| Data to examine |
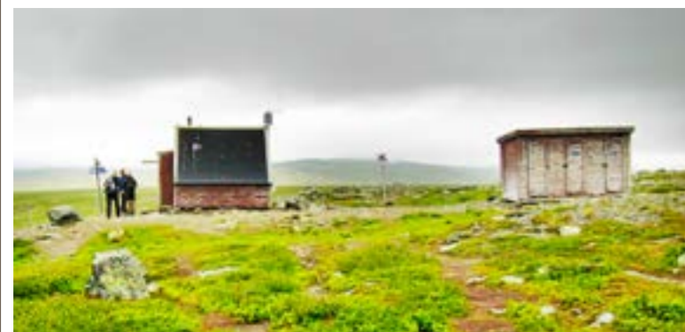
Utredningen syftar också till att se över vindskydd och ledcentraler i hela området.

PREMIUM När du har aktiverat ditt konto på ltz.se får du tillgång till e-tidningen, allt premiuminnehåll på webben samt specialutgåvor av e-tidningar. Du får även rabatt på direktsända matcher.
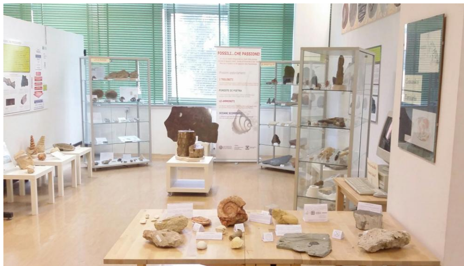
Figura 1. Una sezione del Laboratorio fossili, annesso alla Collezione “Coletti”. Museo di Scienze della Terra dell'Università degli Studi di Bari Aldo Moro.

Accanto alle proposte della “neuroeducation” sono emerse anche sollecitazioni a riflettere sui mutamenti indotti dai nuovi media nell'apprendimento e nelle relazioni sociali (Fig.1). La cybercultura , che si è materializzata a partire dagli ultimi anni del XX secolo con l'introduzione dei dispositivi integrati di connessione e condivisione 4 , ha posto il problema di un adattamento dei paradigmi educativi. Il cambiamento epocale è stato il passaggio da una gestione individuale dei materiali (di lavoro, di studio o di svago), condizionata dall'accesso agli strumenti, alla connettività via web e alla soluzione delle esigenze della quotidianità con apparecchi portabili, perennemente connessi e in grado di generare e diffondere i contenuti senza dipendere da altri dispositivi. Oggi strumenti e contenuti sono tutti sul cloud . Il Web 2.0 ha cambiato la struttura stessa della produzione della cultura e della comunicazione, perché ha abbattuto i limiti tra il virtuale ed il reale ed ha generato una nuova dimensione di realtà amplificata, in cui tutto è dinamico, multimodale e condiviso. Da un lato le possibilità d'apprendere sono cresciute, dall'altro si è creata una modalità di relazione, che ormai è integrata nella realtà di ognuno, in tutte le sue manifestazioni. Le giovani generazioni sono più attratte dalle nuove forme di comunicazione e negli spazi aperti dal digitale hanno creato i luoghi di una condivisione sociale, impostata secondo le regole della rete 5 .
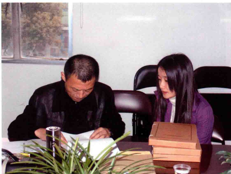
2006年12月14日, 余杭镇 村(社区)档案年检
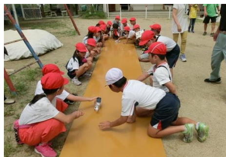
走るぞ！早い!! ソーラーカー

小学生79名が4つのコーナーで太陽のパワーを体験しました。光と熱のエネルギーはすごい!!
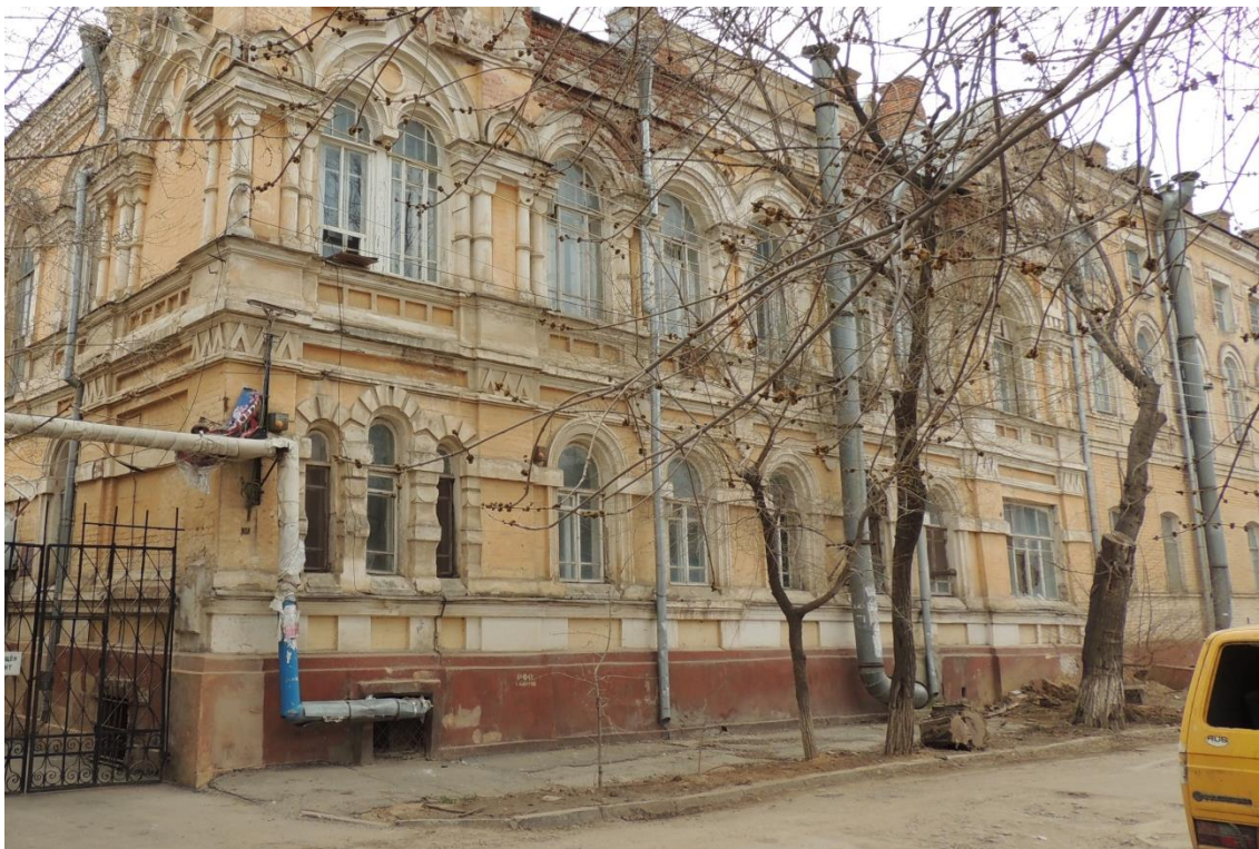
«Комплекс больничный российского общества «Красный Крест», кон. 19 – нач. 20 вв.» – г. Астрахань, ул. Мечникова, 25, ул. Гилянская, 40, 42, ул. Лычманова, 41, 43. Фото № 13. Фрагмент главного северного фасада здания лит. «Г» (ул. Гилянская). Восточная часть фасада. Фото Горловой Л.К., март 2023 г.
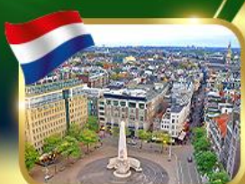
จัตุรัสดีนสแควร์ อัมสเตอร์ดัม
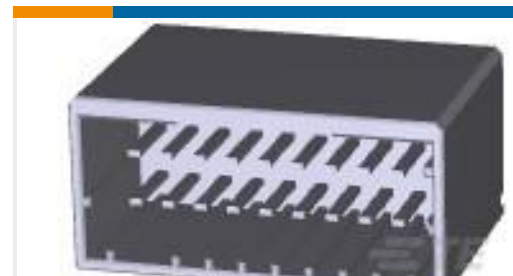
TE 产品编号1318127-1 DYNAMIC D2100 HDR V ASSY 20P
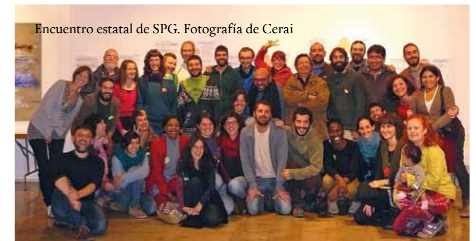
Encuentro estatal de SPG.

Los espacios y las responsabilidades que se generan en un SPG, requieren actitudes que normalmente no hemos aprendido a desarrollar o perfeccionar: escuchar, ceder en nuestros posicionamientos, asumir y manejar nuestros prejuicios, tener empatía... La presencia en el encuentro de algunas compañeras de organizaciones campesinas de Bolivia y su forma de entender el trabajo colectivo sirvió como espejo. En nuestra sociedad tenemos, en general, una enorme falta de educación organizativa, fruto del individualismo. Este es uno de los retos más importantes que se
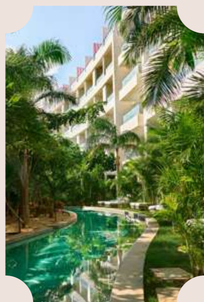
PLAYA MUJERES MÉXICO 2024
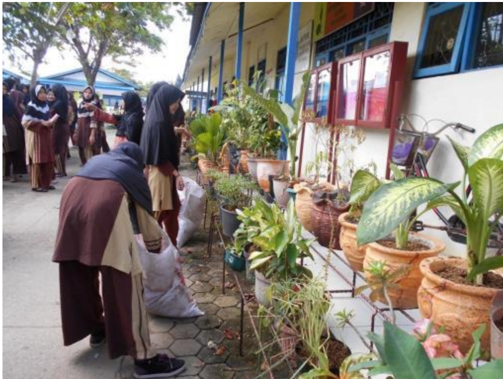
Gambar 17 Kegiatan Pembersihan umum oleh santri Pondok Pesantren Al Falah Putri Banjarbaru
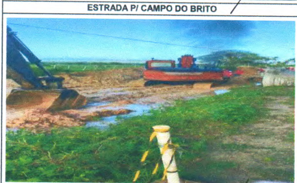
ESTRADA PI CAMPO DO BRITO
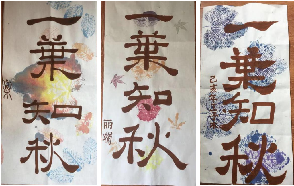
(学生作品：隶书“一叶知秋”)

教学效果小结：基本实现了教学目标，完成了教学内容。教学过程中学生们表现出浓厚兴趣和参与热忱。本设计适用于小学及初中学生。
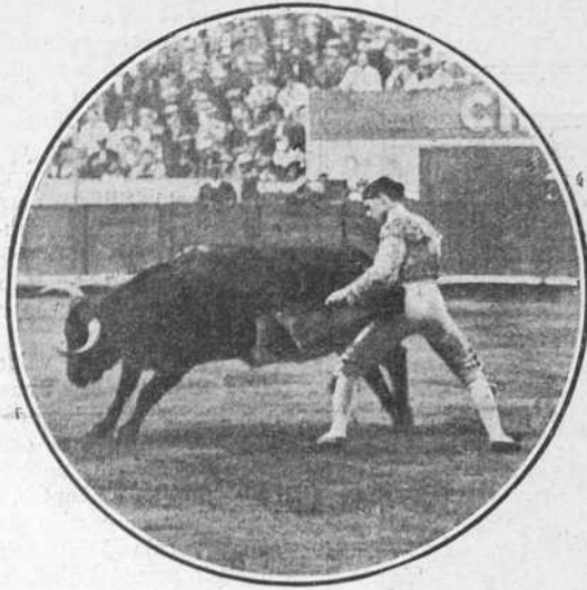
Zarco el 8 en la Monumental de Barcelona.

balcón para que por lo menos lleguen hasta aquí las voces y la alegría de la calle.
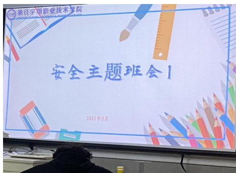
图 7 高职视传 1902/1903 班安全主题班会

理不松懈、立德树人全方位、智能管控全覆盖、精细服务暖人心、以人为本聚人心。学院把疫情防控与学生思想政治教育有机结合起来,讲好疫情防控这堂深刻、生动、鲜活的思政课,具有理论和现实意义。组织开展“大学生的责任与担当”“众志成城防疫无疆”等线上线下主题班会 156 个班次,学生参与率 99.86%,满意率 99.45%。组织全院师生观看全国大学生同上一堂“疫情防控”思政大课直播,每位学生撰写心得体会。我校学生积极主动担当作为,108 人参与守护家园防疫保卫战,在高速路口、街道、社区、村庄等地都能看到这些学生志愿者的身影。学生返校后 365 名参与到防疫志愿者队伍中来,服务 1985 人次。开展表彰优秀防疫志愿者表彰会 1 场,表彰校内外优秀志愿者 269 人。学院辅导员、班主任将疫情防控当成立德树人最好的教材,围绕疫情开展了爱国主义教育、生态文明教育、责任担当教育、心理健康教育、感恩教育等。教育引导学生在党的领导下,进一步坚定制度自信,增强爱国主义与厚植家国情怀,践行使命担当与责任坚守,培养敬畏生命与感恩意识,增进法纪意识与提升职业素养等。通过实行校园封闭式管理、学生网格化管理,全面加强值班值守工作,全力做好线上教学、管理育人、宣传教育、校园消杀等工作,做到底数清、目标明、任务清、责任实,确保了师生如期顺利开学复课、企业有序复工复产。全校师生始终保持“零感染、零疑似”,做到疫情防控与事业发展“两手硬、两战赢”。

| Required work |
Return the lines containing "till", taking each one from the listing.

| Answer to this exercise |
Utredningen syftar också till att se över vindskydd och ledcentraler i hela området.
PREMIUM När du har aktiverat ditt konto på ltz.se får du tillgång till e-tidningen, allt premiuminnehåll på webben samt specialutgåvor av e-tidningar. Du får även rabatt på direktsända matcher.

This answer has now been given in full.